Segment Open

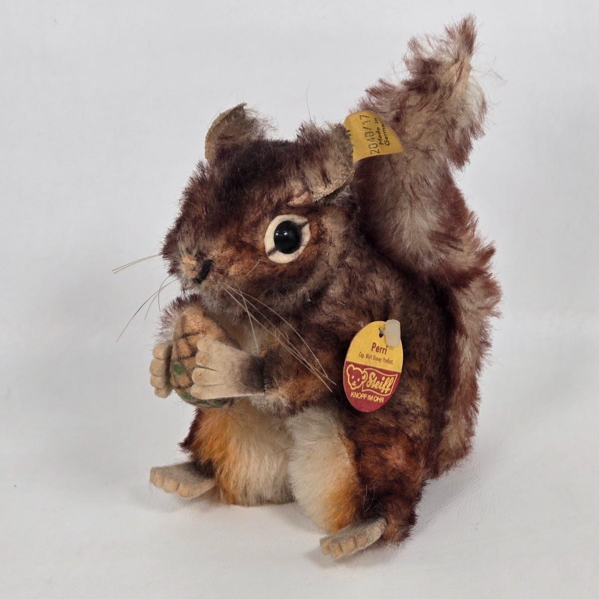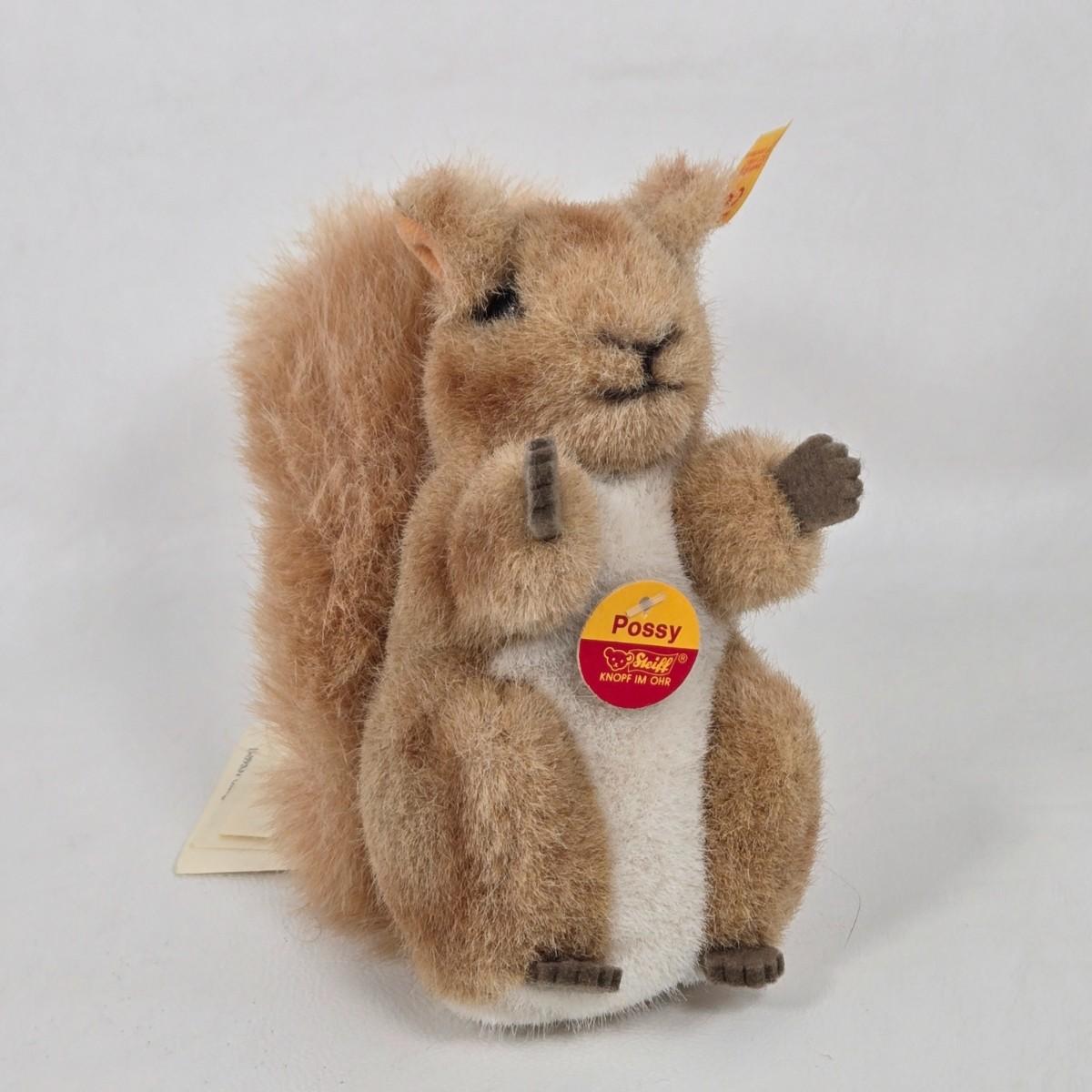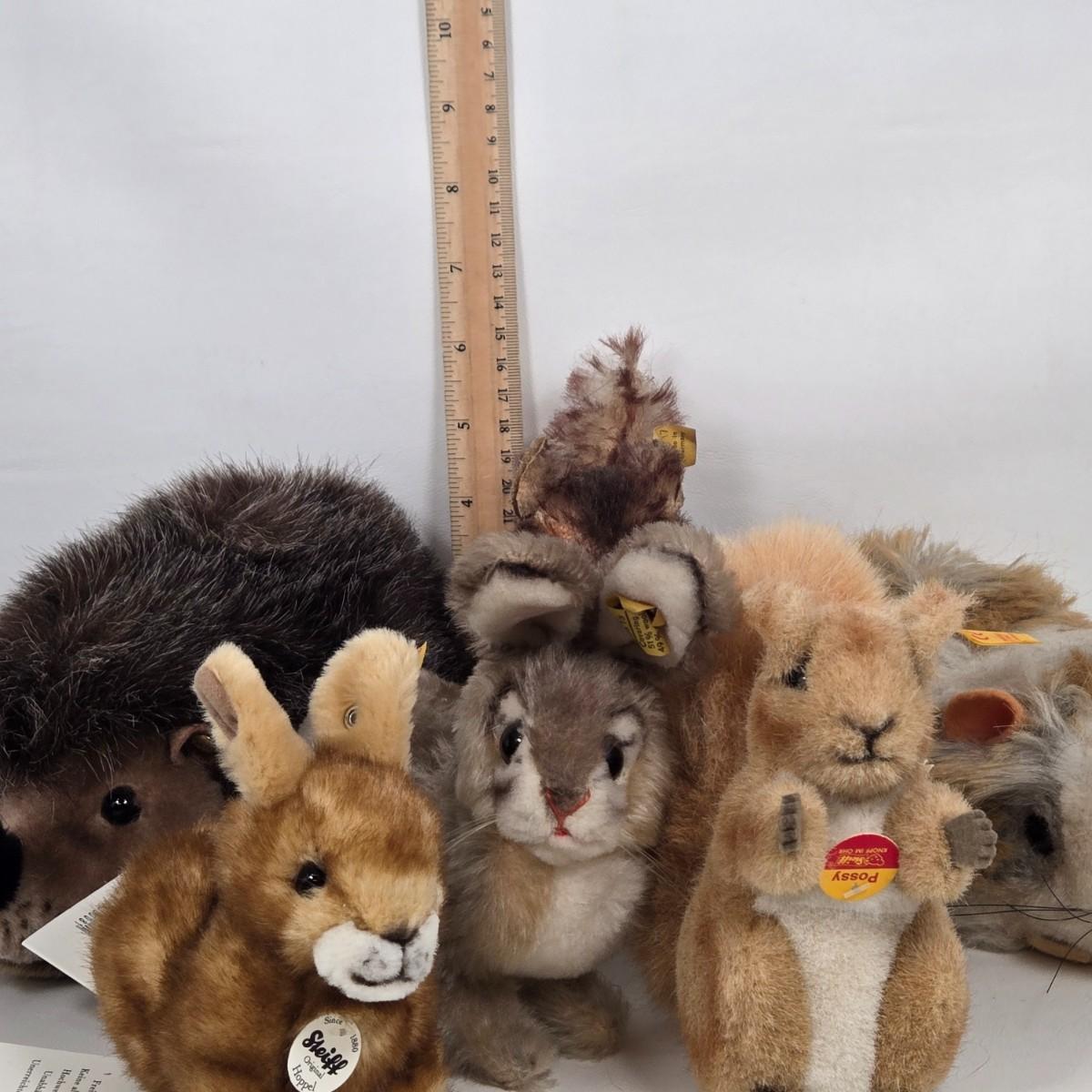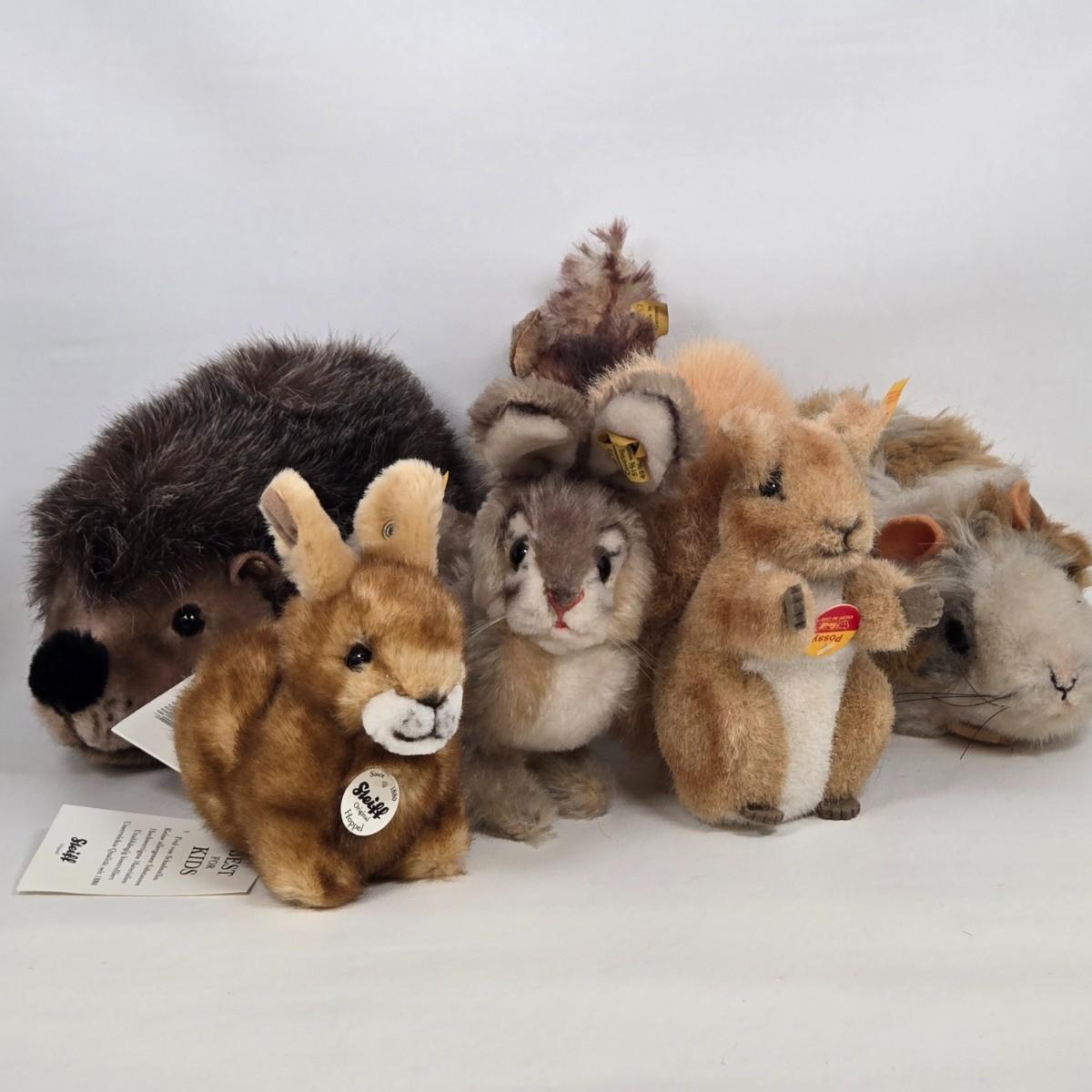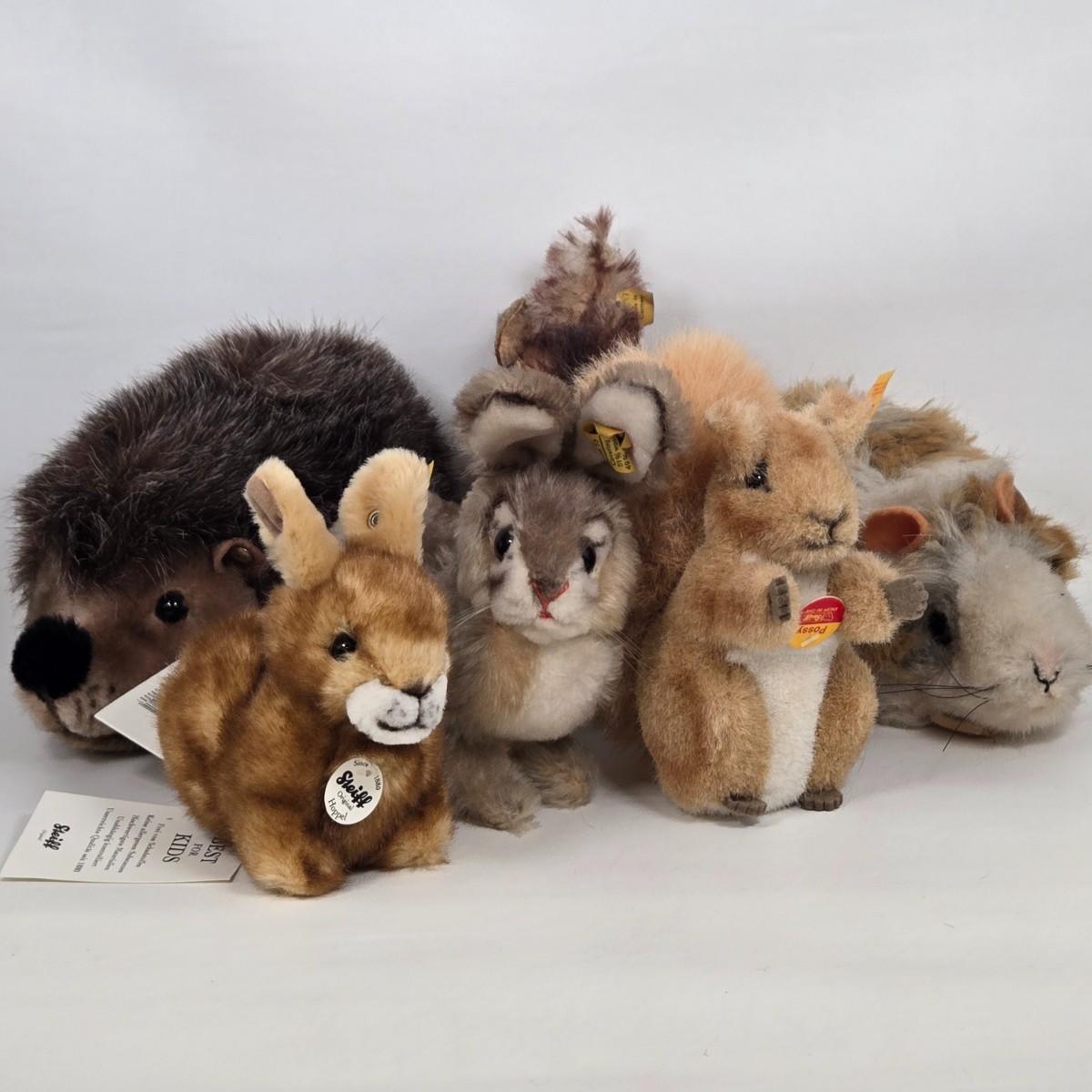LOT 73: Steiff Joggi Haedgehog, Swinny Guinea Pig, Perri Squirrel, Pummy Rabbit, Possy Squirrel, and Hoppel Rabbit
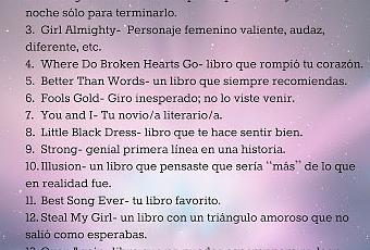 Unas aclaraciones:Debido a que no es el mejor momento en la fandom, espero que con este reto podamos recordar las cosas lindas que hemos pasado con los chicos. Cuando me enteré de que Zayn necesitaba un tiempo para aclarar sus ideas y mejorar su salud, lo entendí y lo apoyé.Ellos no me deben absolutamente nada; respeto sus decisiones y voy a estar con One Direction pase lo que pase, pero en lo que respecta a cómo Zayn manejó la situación… No creo que haya sido lo mejor.Quiere hacer su propia música? Perfecto.Necesita cuidar su salud? Perfecto.Lo que no logro entender es cómo en un par de días puede tirar a la basura cinco años con sus “hermanos”; y sí, estoy diciendo esto por la pelea que ocurrió esta semana en Twitter.Honestamente, no puedo estar del lado de Zayn.Sin importar qué, en lo único que puedo pensar es en la reacción de Louis, Harry, Niall y Liam. Ellos necesitan todo el apoyo posible, y no podría estar más agradecida con ellos por mantenerse unidos a pesar de todo. Es por eso que hago este reto literario, no por Zayn, sino por esos cuatro chicos de las escaleras que siguen sonriendo sólo para hacernos felices.Espero que les guste y podamos recordar todas las canciones, conciertos, videodiarios, fanarts y sonrisas que lograron sacarnos.Si tienen alguna duda, comenten!Lu
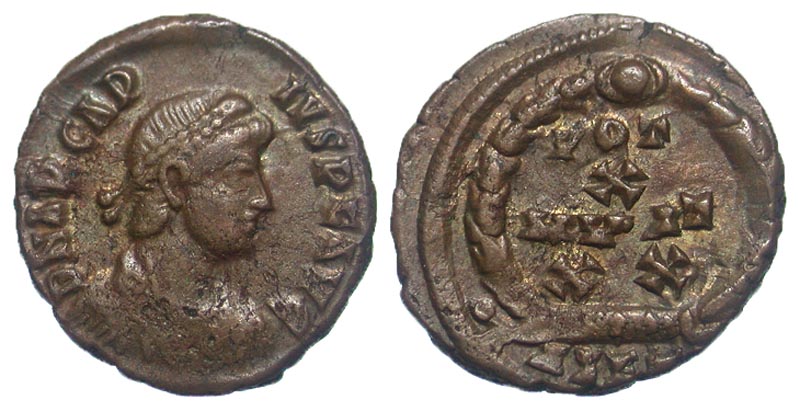 Arcadius. A.D. 383-408. Æ 4 (14.0 mm, 1.10 g, 5 h). Antioch, A.D. 383. DN ARCADIVS PF AVG, pearl-diademed, draped and cuirassed bust right / VOT X MVLT XX, legend within wreath; ANT? in exe. RIC 65c; LRBC 2735. VF, cleaned.

Segment Closed

▶ **Task**:
Retype exactly, and only, the lines from the one containing "Unas aclaraciones:Debido a" through the end of the material, leaving aside every picture.

▶ **Output for this exercise**:
 Unas aclaraciones:Debido a que no es el mejor momento en la fandom, espero que con este reto podamos recordar las cosas lindas que hemos pasado con los chicos. Cuando me enteré de que Zayn necesitaba un tiempo para aclarar sus ideas y mejorar su salud, lo entendí y lo apoyé.Ellos no me deben absolutamente nada; respeto sus decisiones y voy a estar con One Direction pase lo que pase, pero en lo que respecta a cómo Zayn manejó la situación… No creo que haya sido lo mejor.Quiere hacer su propia música? Perfecto.Necesita cuidar su salud? Perfecto.Lo que no logro entender es cómo en un par de días puede tirar a la basura cinco años con sus “hermanos”; y sí, estoy diciendo esto por la pelea que ocurrió esta semana en Twitter.Honestamente, no puedo estar del lado de Zayn.Sin importar qué, en lo único que puedo pensar es en la reacción de Louis, Harry, Niall y Liam. Ellos necesitan todo el apoyo posible, y no podría estar más agradecida con ellos por mantenerse unidos a pesar de todo. Es por eso que hago este reto literario, no por Zayn, sino por esos cuatro chicos de las escaleras que siguen sonriendo sólo para hacernos felices.Espero que les guste y podamos recordar todas las canciones, conciertos, videodiarios, fanarts y sonrisas que lograron sacarnos.Si tienen alguna duda, comenten!Lu
 Arcadius. A.D. 383-408. Æ 4 (14.0 mm, 1.10 g, 5 h). Antioch, A.D. 383. DN ARCADIVS PF AVG, pearl-diademed, draped and cuirassed bust right / VOT X MVLT XX, legend within wreath; ANT? in exe. RIC 65c; LRBC 2735. VF, cleaned.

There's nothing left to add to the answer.